Ordinarily, a party may not discover documents and tangible things that are prepared in anticipation of litigation or for trial by or for another party or its representative (including the other party's attorney, consultant, surety, indemnitor, insurer, or agent).

         Courts in this District have described the work-product standard as having two components:

The first is what may be called the “causation” requirement. This is the basic requirement of the Rule that the document in question be produced because of the anticipation of litigation, i.e., to prepare for litigation or for trial. The second component is what may be termed a “reasonableness” limit on a party's anticipation of litigation. Because litigation can, in a sense, be foreseen from the time of occurrence of almost any incident, courts have interpreted the Rule to require a higher level of anticipation in order to give a reasonable scope to the immunity.[24]

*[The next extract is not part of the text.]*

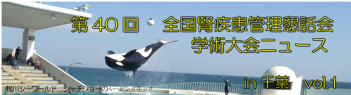
鴨川シーワールド シャチショーのレーピングキック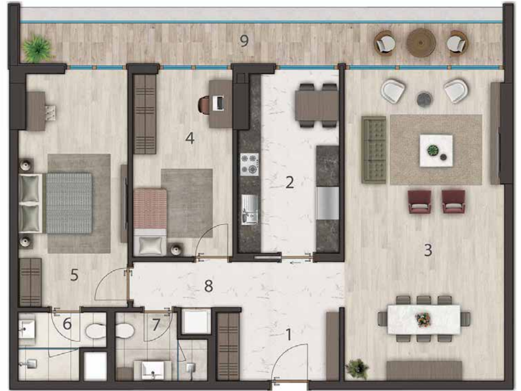
2+1 155 m2

         Under the first component, work prepared in the ordinary course of business is not protected.[25] Under the second component, “the threat of litigation must be real and imminent. The inchoate possibility, or even the likely chance of litigation, does not give rise to the privilege.”[26]

         Whether documents are prepared in anticipation ultimately “requires a case-by-case analysis, considering the unique factual context of the given problem.”[27] The party claiming work-product protection “still must demonstrate the document was prepared principally or exclusively to assist in anticipated or ongoing litigation and establish the underlying nexus between the preparation of the document and the specific litigation.”[28]For insurance investigations, “whether insurer and adjuster documents were created in anticipation of litigation depends on whether the party seeking protection can point to a definite shift made by the insurer or adjuster from acting in its ordinary course of business to acting in anticipation of litigation.”[29] The work-product doctrine can apply to a party “or any representative acting on his behalf, ” which may include attorneys, consultants, sureties, indemnitors, insurers, or agents.[30]

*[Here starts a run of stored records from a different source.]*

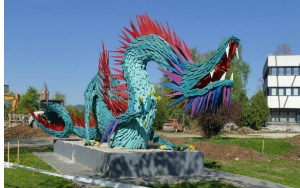
شكل (١٦) التنين الصيني في كازينبارسيكا (Kocsis 2014)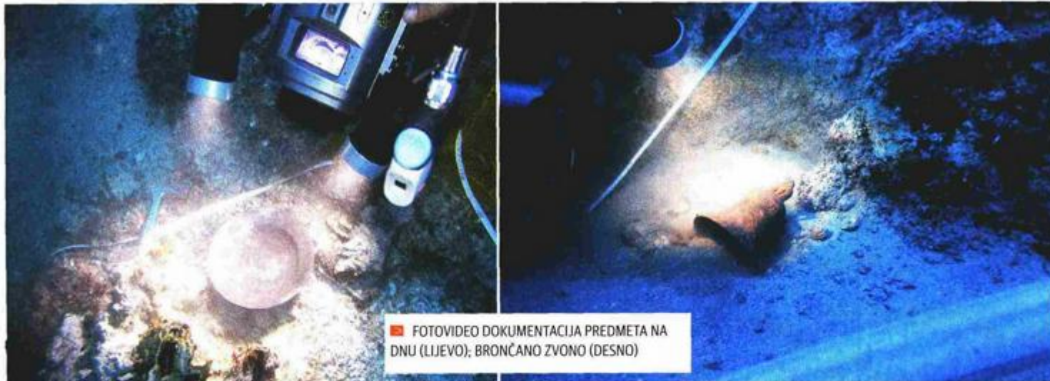
FOTOVIDEO DOKUMENTACIJA PREDMETA NA DNU (LIJEVO); BRONČANO ZVONO (DESNO)

zaštićenim zonama imaju koncesiju. Mlet je bio, a i danas je na plovnom putu, tako da zapravo ne čudi bogatstvo podmorja što se tiče brodoloma iz raznih vremenskih perioda, od antike do novog vijeka", tumači koautor izložbe i podvodni arheolog Igor Miholjek.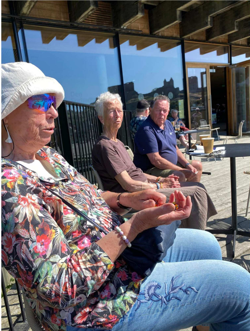
Här är några som valde förfriskningar i stället för promenad

         To evaluate the causation component, the court looks to defendant's second supplemental privilege log to evaluate the description of documents for which it claims work-product protection. The descriptions provide the names and titles of the people involved; in this case, the people who created the documents are either attorneys or other agents of defendant. Those descriptions citing the possibility of litigation support the application of work-product protection because they establish particular documents were not prepared in the ordinary course of business. For example, defendant sufficiently describes redacted and removed documents with language indicating documents were prepared within plaintiffs' file “for the sole purpose of seeking legal advice regarding allegations contained in attorney Kevin McMaster's letter threatening litigation on behalf of plaintiffs;”[31] “for the sole purpose of seeking legal advice regarding the claim for coverage under the terms of the subject policy and the impending litigation with plaintiffs regarding such claim;”[32] “detailing her mental impressions regarding the impending litigation;”[33] or “seeking legal advice and representation regarding lawsuit filed.”[34] In contrast, entries with more general language of “for the purpose of seeking legal advice”[35]with no indication that litigation was threatened or reasonably imminent, do not meet the standard for work-product protection.

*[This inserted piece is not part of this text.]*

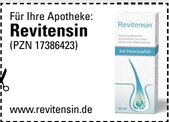
Abbildung Betroffenen nachempfunden REVITENSIN. Wirkstoffe: Acidum hydrofluoricum D12, Graphites D12, Pelletariae D12, Selenium D12, D12, Thallium metallicum D12, D12. Homöopathisches Arzneimittel zur unterstützenden Behandlung bei Haarausfall. www.revitensin.de • Zu Risiken und Nebenwirkungen lesen Sie die Packungsbeilage und fragen Sie Ihre Ärztin, Ihren Arzt oder in Ihrer Apotheke. • PharmaSGP GmbH, 82166 Gräfelfing

Egal in welchem Alter oder Lebensphase: Wir Frauen stylen uns gerne, um unsere Haare in Form zu bringen. Aber wenn wir merken, dass die Haare zunehmend ausfallen , ist das erschreckend! Dabei ist uns schönes Haar doch so wichtig! Immer mehr Anwenderinnen vertrauen inzwischen auf das rezeptfreie Revitensin (Apotheke), das verschiedene Formen von Haarausfall von innen bekämpfen kann. Bei Revitensin ist keine äußere Anwendung erforderlich, sodass die Frisur nicht darunter leidet. Die natürlichen Arzneitropfen werden einfach mit einem Glas Wasser eingenommen. Neben- oder Wechselwirkungen sind nicht bekannt. Aufgrund der Wachstumsphase der Haare empfiehlt der Hersteller eine Einnahme von mindestens 12 Wochen.

         To clarify the difference, the court moves to the second component of the analysis - when that reasonable anticipation of litigation came into effect. In the insurance context, there is no bright-line rule dictating the ordinary course of business ends as soon as the insurance decides to decline coverage.[36] Similarly, there is no bright-line rule that once an attorney has been hired for litigation, the activities and records of the claim file are no longer subject to discovery.[37] Anticipation of litigation “is presumed unreasonable” before a final decision is reached on the claim, though it is a rebuttable presumption, requiring the insurer to “demonstrate, by specific evidentiary proof of objective facts, that a reasonable anticipation of litigation existed when the document was produced, and that the document was prepared and used solely to prepare for that litigation, and not to arrive at a (or buttress a tentative) claim decision.”[38]

         Here, the court finds December 12, 2018 as the date when a reasonable anticipation of litigation existed. On that date, plaintiffs' counsel sent a demand letter to defendant for $220, 000, explaining if that amount sufficiently reimbursed plaintiffs, “they will release [defendant] from its obligation to pay pursuant to the insurance policy. If the amount is not sufficient, then Liberty Mutual will be given the opportunity to resolve the outstanding claim before any suit is filed.”[39] The language contained in the letter and the effect therein alerted defendant to the reasonable possibility of litigation. Defendant has not established the documents on the privilege log created before that date were created in anticipation of litigation, rather than in defendant's ordinary course of business.

         As to the documents created after December 12, 2018 in defendant's privilege log, the court finds that both elements of the work-product protection were asserted. Therefore, those documents beginning on page 8 of the second supplemental privilege log, starting with the December 14, 2018 entry at 12:14 P.M., are protected by work-product protection. The items created before that date are not subject to work-product protection.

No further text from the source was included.